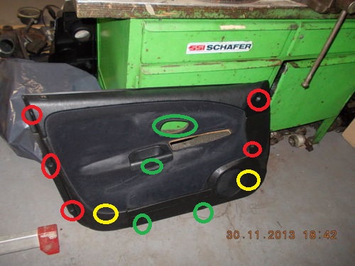 - grüne kreise, je eine schraube (die schale aus dem türöffner hinterher rausnehmen)
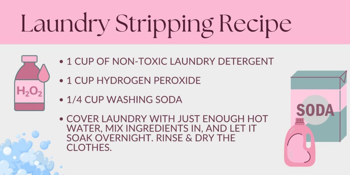 First and foremost, protect yourself — as you wash toxins out of clothes with the laundry stripping process, always wear gloves. This keeps harsh chemicals off your skin. Secondly, avoid treating delicate fabrics such as Tencel or silk, which are prone to shrinking and fading, with this method. Laundry stripping isn’t suited for those materials, as they can shrink or fade.
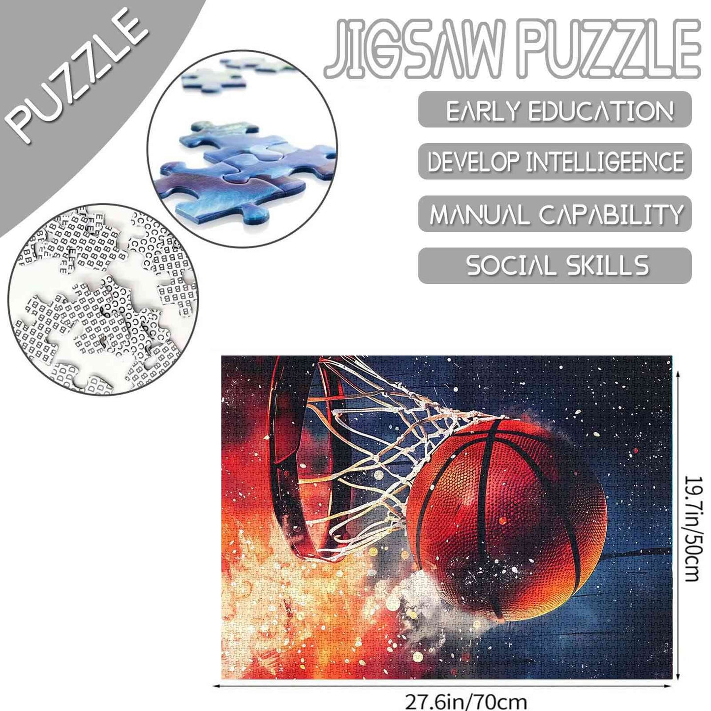 Vivez le frisson du jeu avec ce puzzle dynamique de 1000 pièces. Un ballon de basket capturé à mi-dunk avec une énergie et des détails vibrants apporte de l'excitation à chaque pièce. Parfait pour les fans de sport et les amateurs de puzzles, c'est un slam dunk pour votre collection !
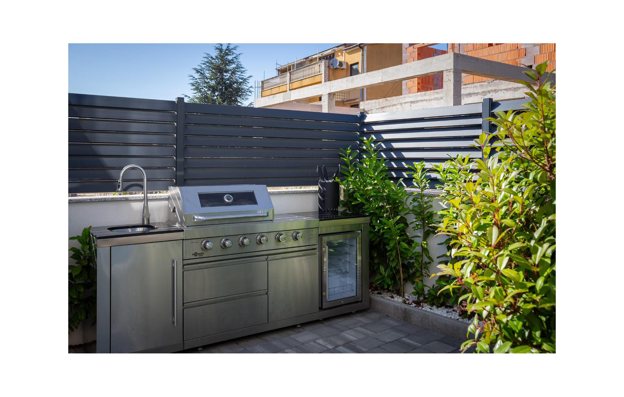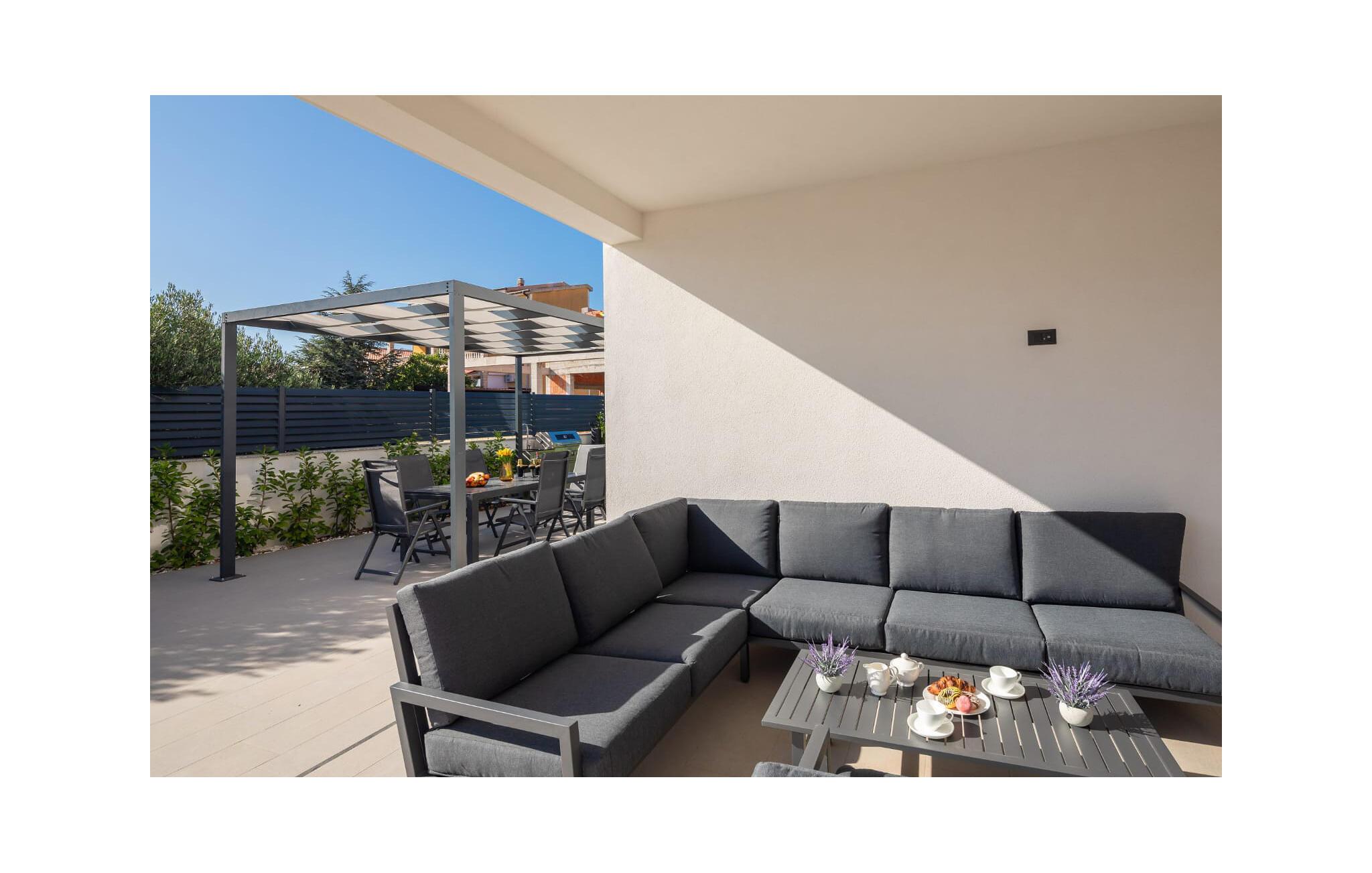 Udenfor venter der en rummelig terrasse med komfortable siddepladser og en pool, der giver en forfriskende afkøling på varme dage. Start morgenen med en dukkert i poolen, eller nyd solnedgangen om aftenen med et lækkert barbecue-måltid i grillhjørnet.

▶ **TASK STATEMENT**
Emit the lines of the material exactly, from its first line to the line containing "Vivez le frisson", inclusive; leave every picture out.

▶ **RESPONSE**
 - grüne kreise, je eine schraube (die schale aus dem türöffner hinterher rausnehmen)
 First and foremost, protect yourself — as you wash toxins out of clothes with the laundry stripping process, always wear gloves. This keeps harsh chemicals off your skin. Secondly, avoid treating delicate fabrics such as Tencel or silk, which are prone to shrinking and fading, with this method. Laundry stripping isn’t suited for those materials, as they can shrink or fade.
 Vivez le frisson du jeu avec ce puzzle dynamique de 1000 pièces. Un ballon de basket capturé à mi-dunk avec une énergie et des détails vibrants apporte de l'excitation à chaque pièce. Parfait pour les fans de sport et les amateurs de puzzles, c'est un slam dunk pour votre collection !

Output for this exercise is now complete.